#### Required action
Your task is to print, exactly and only, the lines from the start of the entries below through the line with "Der Winkelschreibtisch lässt". Include both ends, but skip the pictures.

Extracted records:
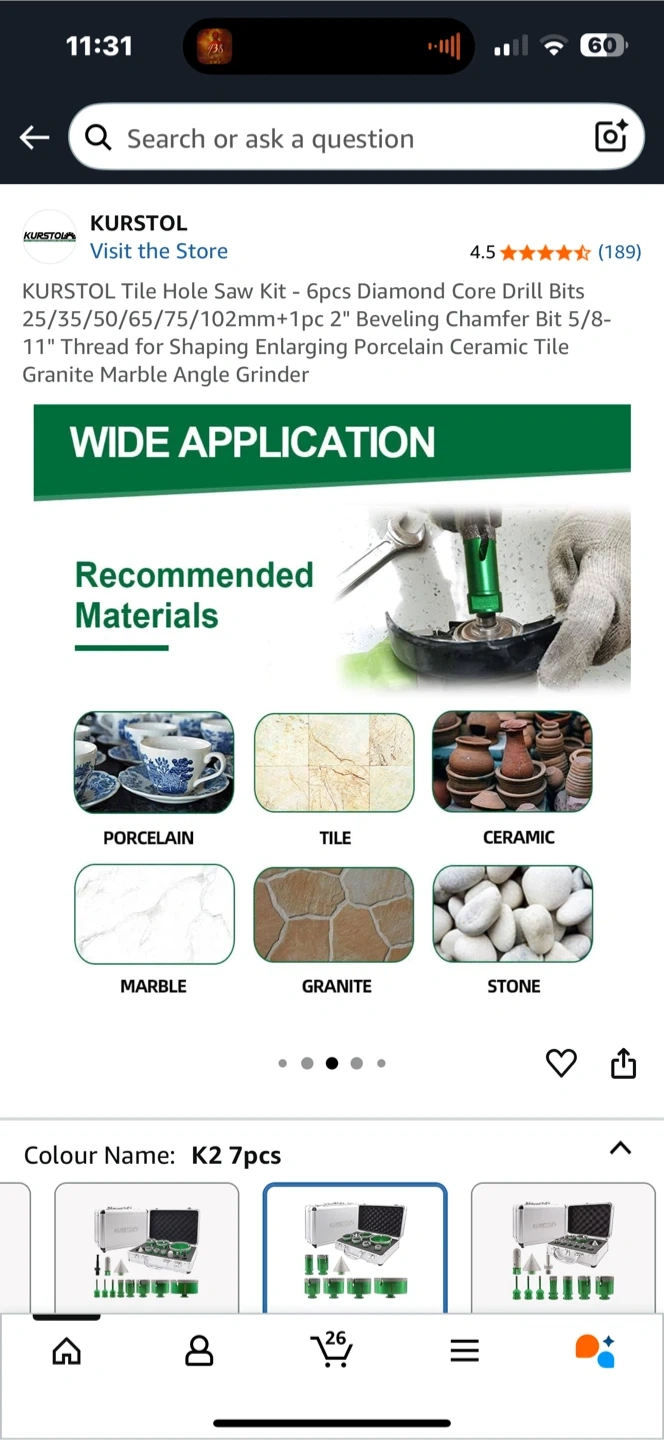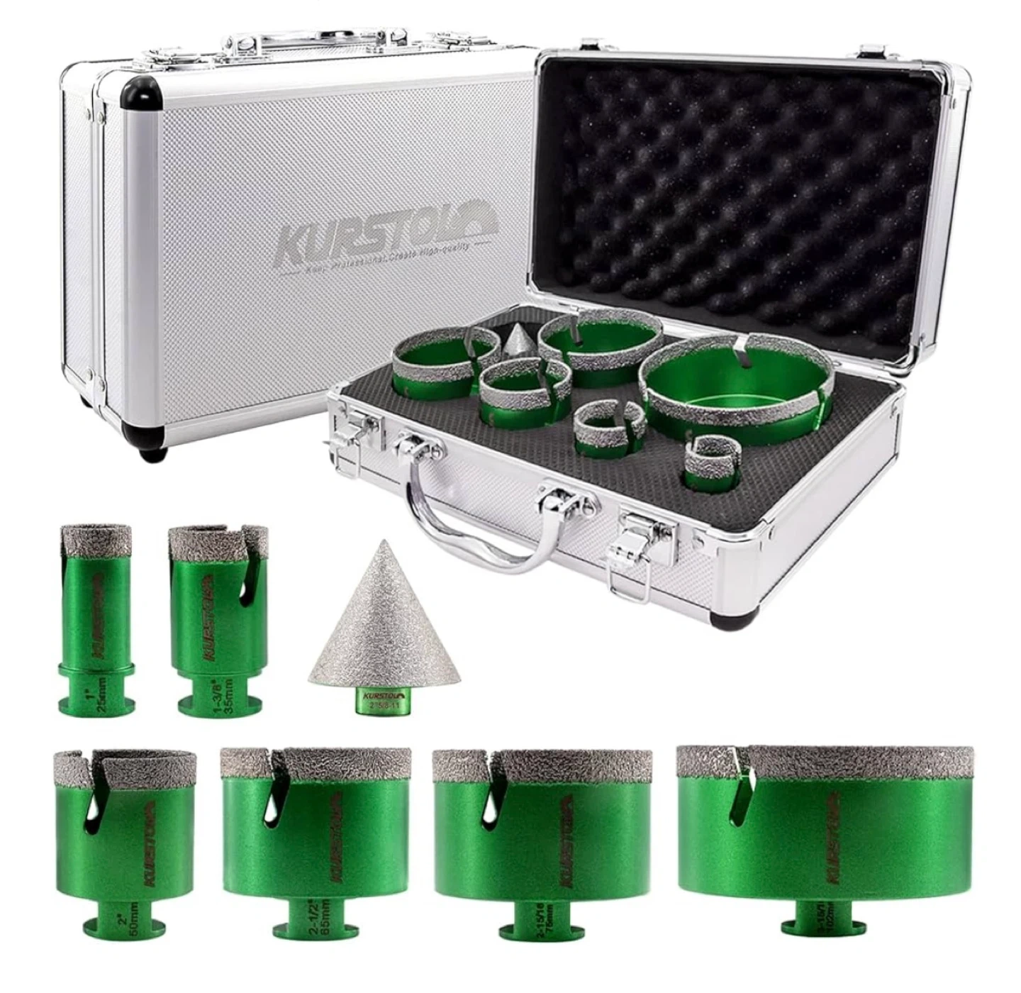 Selling a KURSTOL tile hole saw kit with 7 diamond core drill bits. Great for shaping porcelain, ceramic tile, granite, marble, and more! Includes sizes 25/35/50/65/75/102mm + one 2" beveling chamfer bit with 5/8-11" thread for shaping and enlarging
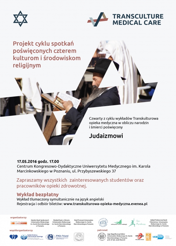 Data wydarzenia: 17 maja 2016Studenckie Koło Naukowe Etyki i Bioetyki działające przy Katedrze Nauk Społecznych Uniwersytetu Medycznego w Poznaniu serdecznie zaprasza na ostatni wykład z cyklu „Transkulturowa opieka medyczna w obliczu narodzin i śmierci”. Spotkanie odbędzie się 17. maja 2016 roku o godz. 17.00 w Centrum Kongresowo-Dydaktycznym Uniwersytetu Medycznego i dotyczyć będzie opieki nad pacjentem wyznania mojżeszowego. Naszym gościem będzie Naczelny Rabin Polski Michael Schudrich, który opowie o tradycjach w kulturze żydowskiej, procedurach medycznych, które są niedozwolone i obrzędzie obrzezania, który budzi wiele kontrowersji.
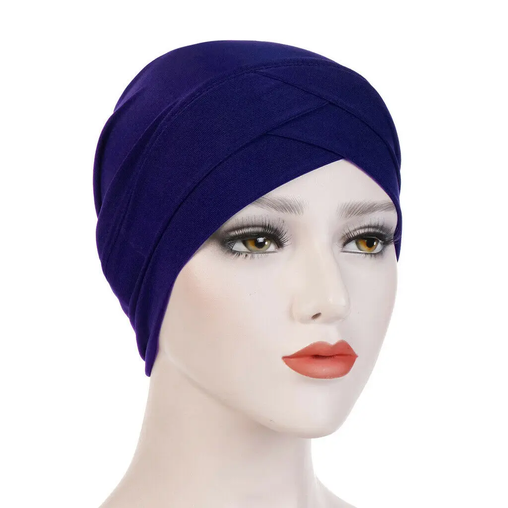 Шарф-тюрбан Женский, однотонный эластичный хиджаб с перекрестными ш...
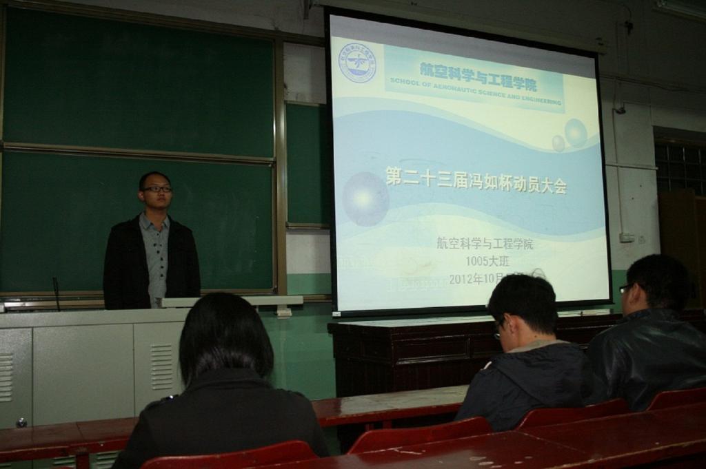 卓越辅导员发言 冯如杯动员大会现场 2012年10月14日晚6时30分,北航365英国上市公司1005大班第二十三届冯如杯动员大会在学院路校区主-127教室顺利举行。
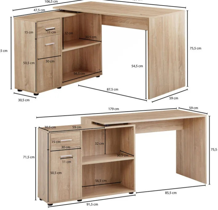 Der Winkelschreibtisch lässt sich den eigenen Bedürfnissen und den Platzverhältnissen anpassen. Er kann gewinkelt oder ausgestreckt stehen. Auf der Schreibtischfläche ist Platz zum Arbeiten, für den Computer und die Schreibtischlampe, während Unterlagen auf der Abstellfläche liegen können. Stauraum ist mit zwei offenen Fächern, einer Schublade und einem Schrankfach mit Drehtür reichlich vorhanden. Hier lassen sich alle Arbeitsutensilien verstauen. Der Schreibtisch hat ein dekoratives Sonoma Eiche Dekor, das mit Melaminharz beschichtet ist.
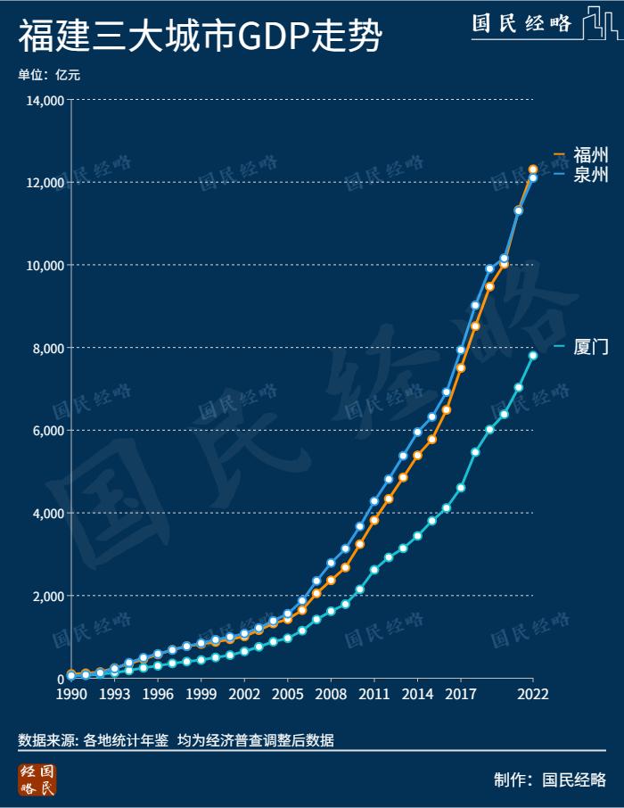 目前,福州、泉州都已迈过万亿大关,厦门正朝着8000亿俱乐部迈进,到2025年有望突破万亿大关。
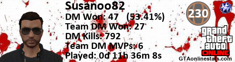 [URL=http://GTAonlinestats.com/showplayer/Susanoo82/2][IMG]http://GTAonlinestats.com/dmsignature/Susanoo82/2/sig.png[/IMG][/URL]
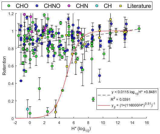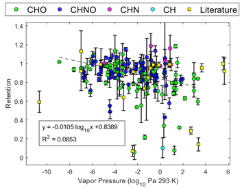 Figure 8Retention coefficient as a function of estimated vapor pressure. Color denotes the compositional class of the assigned compound: green for CHO, blue for CHNO, magenta for CHN, cyan for CH, and yellow squares for values taken from the literature. Dashed line shows linear fit.
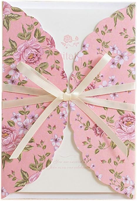 Fuyy Wedding Pink Invitation Card Bow Printable Blank Paper And Envelope Wedding Party Graduation Ceremony Pack Of 50 Pink Amazon Co Uk Sports Outdoors
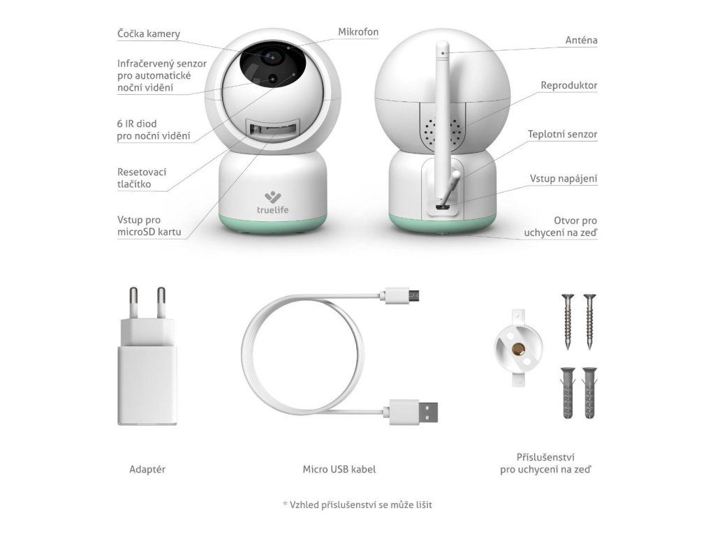 TrueLife NannyCam R3 Smart – smart pestúnka s neobmedzeným dosahom Dopraje si pokoj, pretože viete, že je vaše dieťatko v poriadku. Nenápadný strážca bábätiek i starších detí v podobe pestúnky TrueLife NannyCam R3 Smart sa postará, že budete mať svoju ratolesť neustále na očiach, nech už ste kdekoľvek. Pestúnku jednoducho spárujete so svojim mobilným telefónom a v aplikácii TrueLife Smart, ktorá je kompletne v slovenskom jazyku. Môžete nielen sledovať, čo dieťa práve robí, ale tiež nastaviť rôzne smart funkcie. Všetko je jednoduché, rýchle a bezpečné. Rotačná pestúnka nepretržite monitoruje priestor, kde sa dieťa nachádza a poskytuje obraz vo Full HD kvalite. Vie detegovať pohyb, zvuk i teplotu a v pravý čas upozorniť, keď sa niečo deje. Uspávanky zase pomôžu vaše dieťatko uspať a vytvoriť mu príjemné prostredie. Vidíte všetko a odkiaľkoľvek Rotačná pestúnka TrueLife NannyCam R3 Smart dokáže sledovať pohyb a otáčať sa za ním. Navyše jej širokouhlá šošovka vidí do všetkých zákutí a v šere automaticky aktivuje nočné videnie. Dosah pestúnky je vďaka pripojeniu cez internet neobmedzený a vo chvíli, keď máte obrazovku telefónu vypnutú, ona určite nespí. Zaznamená každý pohyb a zvuk a pošle vám oznámenie do vášho telefónu. Záznam navyše môže nahrávať aj v režimu 24/7 na SD kartu. Aplikácia TrueLife Smart, s ktorou vám nič neunikne Pestúnku TrueLife NannyCam R3 Smart jednoducho spárujete so svojim telefónom alebo iným smart zariadením vďaka aplikácii TrueLife Smart, ktorá je kompletne v slovenskom jazyku. Nepotrebujete teda žiadnu ďalšiu jednotku navyše. Účet sa dá zdieľať aj s ďalšími ľuďmi, napríklad partnerom alebo prarodičmi a počet účastníkov nie je obmedzený. Aplikácia TrueLife Smart navyše používa päťvrstvovú bezpečnostnú technológiu so šifrovaním dát na vojenskej úrovni AES, vďaka ktorej sa nemusíte obávať žiadneho narušenia zvonku. Vaše dieťatko tak zostane v bezpečí. Prečo taká ochrana? Strážime predsa váš najväčší poklad. Postráži aj upokojí Prostredníctvom aplikácie TrueLife Smart si pestúnku TrueLife NannyCam R3 Smart nastavíte presne podľa potrieb seba aj dieťaťa. Pre váš pokoj zaznamenáva inteligentný detektor zvuk, pohyb i teplotu a v prípade zmien obdržíte upozornenie na svoj telefón. Dieťatku pestúnka poskytuje upokojenie v podobe uspávaniek, a dokonca dokáže napodobniť aj tlkot srdca. Ak reaguje dieťa skôr na váš hlas, môžete s ním komunikovať vďaka obojsmernej komunikácii. Túto funkciu určite oceníte aj u starších detí. TrueLife Smart aplikácia Prostredníctvom QR kódu si pestúnku jednoducho spárujete so svojim mobilným telefónom a v aplikácii TrueLife Smart, ktorá je kompletne v slovenskom jazyku, nastavíte všetko potrebné. Účet navyše môžete zdieľať aj s ďalšími členmi domácnosti. Čistý obraz vo Full HD Kamera dokáže natáčať až v 1080p Full HD videu. Všetky okamihy teda zachytí v tej najlepšej kvalite. Neobmedzený dosah S neobmedzeným dosahom vďaka pripojeniu cez internet máte dohľad nad svojim dieťaťom odkiaľkoľvek, napríklad aj z práce. Uspávanky Pestúnka disponuje 5 uspávankami a napodobením tlkotu srdca mamičky. Automatické nočné videnie Pestúnka sa v tme automaticky prepne do režimu nočného videnia, takže o dieťatku máte prehľad v akúkoľvek dennú dobu. Obojsmerná komunikácia Vďaka obojsmernému prenosu zvuku môžete plačúce dieťa utíšiť vlastným hlasom napríklad aj z vedľajšej miestnosti. Detekcia na pohyb, zvuk a teplotu Pri zachytení pohybu, zvuku alebo nežiaducej teploty vám pestúnka odošle oznámenie do mobilného telefónu. Sledovanie a otáčanie za pohybom Rotačná pestúnka disponuje schopnosťou zachytiť pohyb a otáčať sa za ním. Túto funkciu môžete napríklad využiť pre staršie deti či domácich miláčikov. Nepretržité nahrávanie Pestúnka môže nahrávať nepretržite v režime 24/7 dianie v miestnosti a ukladá ho na microSD kartu. Neobmedzený počet užívateľov S možnosťou zdieľania účtu s viac členmi domácnosti budete mať prehľad o vašom dieťati vy, váš partner aj prarodičia. Zabezpečenie proti hackerom Päťvrstvová bezpečnostná technológia zaručuje, že sú všetky vaše dáta v bezpečí a žiaden hacker sa ku nim nedostane. Zhotovenie fotografií a videí V aplikácii TrueLife Smart môžete zhotovovať fotografie alebo videá a následne si ich zobraziť v galérii aplikácie. Vertikálne i horizontálne otáčanie Vďaka širokouhlej šošovke s pozorovacím uhlom 100° máte úplný prehľad o dianí v miestnosti vášho dieťaťa. Kamera sa otáča ako horizontálne, tak i vertikálne. Nemusíte mať strach, že by vám čokoľvek uniklo. Uchytenie na stenu V balení nájdete tiež montážnu sadu pre uchytenie na stenu. Uchytenie na postieľku Dokúpiť si môžete tiež praktický držiak TrueLife NannyCam Holder, ktorý stačí jednoducho obmotať napríklad na detskú postieľku. Je skladný a môžete si ho dokonca vziať kamkoľvek so sebou. Cloudové riešenie Predplatiť si tiež môžete cloudové úložisko a všetky záznamy ukladať tam. Viac kamier v aplikácii Ku TrueLife Smart aplikácii môžete dokúpiť a pripojiť až 16 kamier a mať tak dohľad nielen nad svojim dieťaťom. Prevádzka na powerbanku V prípade, že cestujete, môžete vziať pestúnku so sebou. TrueLife NannyCam R3 Smart totiž môžete napájať aj z powerbanky. Parametre TrueLife NannyCam R3 Smart Pozorovací uhol 100 ° Otáčanie kamery horizontálne 350 ° (umožňuje zobrazenie v uhle 360 °) Otáčanie kamery vertikálne 45 ° (umožňuje zobrazenie v uhle 90 °) Automatické nočné videnie Áno (viditeľnosť až 10 m) Formát videa MP4, kompresia H.264 WiFi 2,4 GHz (nepodporuje 5GHz) dosah 15 metrov kamera

#### Written answer
 Selling a KURSTOL tile hole saw kit with 7 diamond core drill bits. Great for shaping porcelain, ceramic tile, granite, marble, and more! Includes sizes 25/35/50/65/75/102mm + one 2" beveling chamfer bit with 5/8-11" thread for shaping and enlarging
 Data wydarzenia: 17 maja 2016Studenckie Koło Naukowe Etyki i Bioetyki działające przy Katedrze Nauk Społecznych Uniwersytetu Medycznego w Poznaniu serdecznie zaprasza na ostatni wykład z cyklu „Transkulturowa opieka medyczna w obliczu narodzin i śmierci”. Spotkanie odbędzie się 17. maja 2016 roku o godz. 17.00 w Centrum Kongresowo-Dydaktycznym Uniwersytetu Medycznego i dotyczyć będzie opieki nad pacjentem wyznania mojżeszowego. Naszym gościem będzie Naczelny Rabin Polski Michael Schudrich, który opowie o tradycjach w kulturze żydowskiej, procedurach medycznych, które są niedozwolone i obrzędzie obrzezania, który budzi wiele kontrowersji.
 Шарф-тюрбан Женский, однотонный эластичный хиджаб с перекрестными ш...
 卓越辅导员发言 冯如杯动员大会现场 2012年10月14日晚6时30分,北航365英国上市公司1005大班第二十三届冯如杯动员大会在学院路校区主-127教室顺利举行。
 Der Winkelschreibtisch lässt sich den eigenen Bedürfnissen und den Platzverhältnissen anpassen. Er kann gewinkelt oder ausgestreckt stehen. Auf der Schreibtischfläche ist Platz zum Arbeiten, für den Computer und die Schreibtischlampe, während Unterlagen auf der Abstellfläche liegen können. Stauraum ist mit zwei offenen Fächern, einer Schublade und einem Schrankfach mit Drehtür reichlich vorhanden. Hier lassen sich alle Arbeitsutensilien verstauen. Der Schreibtisch hat ein dekoratives Sonoma Eiche Dekor, das mit Melaminharz beschichtet ist.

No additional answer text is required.